I took a couple moments to write some notes down.

“Okay,” I finally said. “So is Denslow the Unsub?”

“The man posing as Denslow is the Unsub but we’re not dumb enough to think he would put his real name on a website.”

“Then what does it mean? D-E-N-slow. Is it like half an acronym or something?”

“It could be. We’re working on it. So far we haven’t found the connection. We’re working on the possible acronym and the name itself. But we haven’t come up with a Bill Denslow with any sort of criminal record that would approach this.”

“Maybe it’s just a guy the Unsub hated, growing up. Like a neighbor or a teacher.”

“Could be.”

“So why the two websites?”

“One was the capture site and one was the OP site.”

“OP?”

“Observation point.”

“You’re completely losing me.”

“Okay, the trunk murder site was set up to collect the IP—the computer address—of anybody who visited the site. This is what happened with Angela. You understand?”

“Right. She did a search and it brought her to the site.”

“Right. The site collected IPs but was built so that those addresses were automatically forwarded to another dot com site. This one was called Denslow Data. This is a common practice. You go to a site and your ID is captured and sent on for marketing use elsewhere. It’s essentially the origin of spam.”

“Okay. So now Denslow Data has Angela’s ID. What happened to it there?”

“Nothing. It stayed there.”

“Then how did—”

“Look, here’s the trick. Denslow Data was built with a function that was completely the opposite of the trunk murder site. It captures no data of visitors. You see what I’m getting at?”

“Nope.”

“Okay, look at it from the Unsub’s point of view. He has set up trunk murder dot com to capture the computer ID of anybody who might be onto him and looking for him. The only problem with that is if he went to the site to check it, then his own ID would be captured. And sure he could use somebody else’s computer to run the check, but it would still help fix location. He could be tracked to a high degree through his own site.”

I nodded as I finally understood the setup.

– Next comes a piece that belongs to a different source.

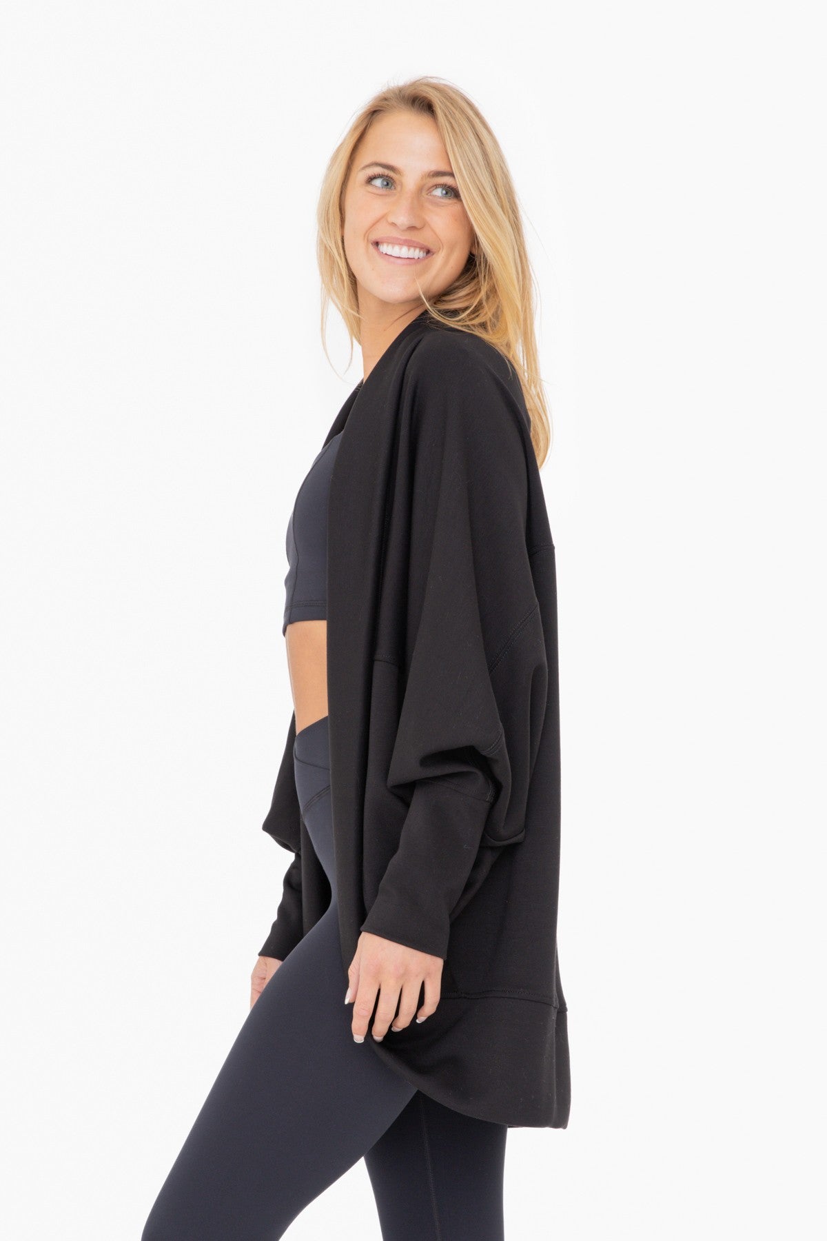 Best selling scuba fabric, this cocoon style cardigan is cute and cozy! It features extra long sleeve cuffs for a sleek look and has a light and spongey hand feel so you can wear it year round!

“I see,” I said. “So he has the captured IP address forwarded to another site where there is no capture mechanism and he can check it without fear of being tracked.”

“Exactly.”

“So after Angela hit on the trunk murder site he went to the Denslow site and got her IP. He traced it back to the Times and figured this might be more than a morbid curiosity about trunk murders. He breaches the Times system and that leads him to me and Angela and our stories. He reads my e-mails and he knows that we are onto something. That I’m onto something and heading to Vegas.”

“That’s right. So he concocted the scheme to take you both out in a murder-suicide.”

I was silent for a moment as I spun it once more. It added up, even though I didn’t like the total.

“It was my e-mail that got her killed.”

“No, Jack. You can’t look at it that way. If anything, her fate was sealed when she checked out trunk murder dot com. You can’t blame yourself for an e-mail you sent to an editor.”

I didn’t respond. I tried to put the question of guilt out of my head for a while and to concentrate on the Unsub.